How to use a wildcard subdomain with static subdomains with Google Cloud services?

Let's assume we own the domain example.com. In Google Cloud, I would like to achieve the following setup.

There are two Cloud Run services available at api-a.example.com and api-b.example.com.

There is a third backend service running in App Engine available at api-c.example.com.

There are is a dockerized Nginx container with a frontend deployed to App Engine at frontend-a.example.com. This is the frontend for an internal application used by the employees of our company.

The last service is another dockerized Nginx. It should be available at a wildcard subdomain *.example.com. If none of the subdomains mentioned above match, the request should land here. We offer a SaaS and each customer has their own subdomain such as client-1.example.com. These subdomains are indefinite and ever-changing, hence we would like to use a wildcard.

The domain example.com without subdomain is not used.
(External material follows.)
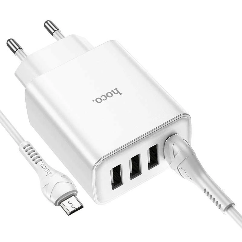СЗУ зарядний пристрій HOCO C102A 4USB/2,1A з кабелем для заряджання USB - MicroUSB, Білий

Is this possible and if so, how?


Solution 1:

It is possible, and you can follow these steps to achieve that:

  1. Create a managed zone: (In this example, a private zone was created, but it is the same procedure for a public one)
gcloud dns managed-zones create private-domain \
    --description=private-domain-example \
    --dns-name=example.com \
    --visibility=private
  1. Create the individual records, including the wildcard pointing to your dockerized Nginx service: (Note the trailing dot in the wildcard record name)
gcloud dns record-sets transaction start \
   --zone=private-domain

gcloud dns record-sets transaction add 10.10.3.2 \
   --name=*.example.com. \
   --ttl=86400 \
   --type=A \
   --zone=private-domain

gcloud dns record-sets transaction add 10.10.1.2 \
   --name=api-a.example.com \
   --ttl=86400 \
   --type=A \
   --zone=private-domain

gcloud dns record-sets transaction add 10.10.1.3 \
   --name=api-b.example.com \
   --ttl=86400 \
   --type=A \
   --zone=private-domain

gcloud dns record-sets transaction add 10.10.2.2 \
   --name=api-c.example.com \
   --ttl=86400 \
   --type=A \
   --zone=private-domain

gcloud dns record-sets transaction add 10.10.2.3 \
   --name=frontend-a.example.com \
   --ttl=86400 \
   --type=A \
   --zone=private-domain

gcloud dns record-sets transaction execute \
   --zone=private-domain

With this setup, any request for the example.com domain that is not explicitly defined will go to the Nginx service which is the wildcard record. You can find the complete documentation about Cloud DNS, including how to manage records, in this document 1.

Note: The scenario was recreated using VM instances in GCP, and therefore the IP addresses at the RR_DATA field in the records, to create a DNS record for App Engine services; you need to follow this how-to guide 2.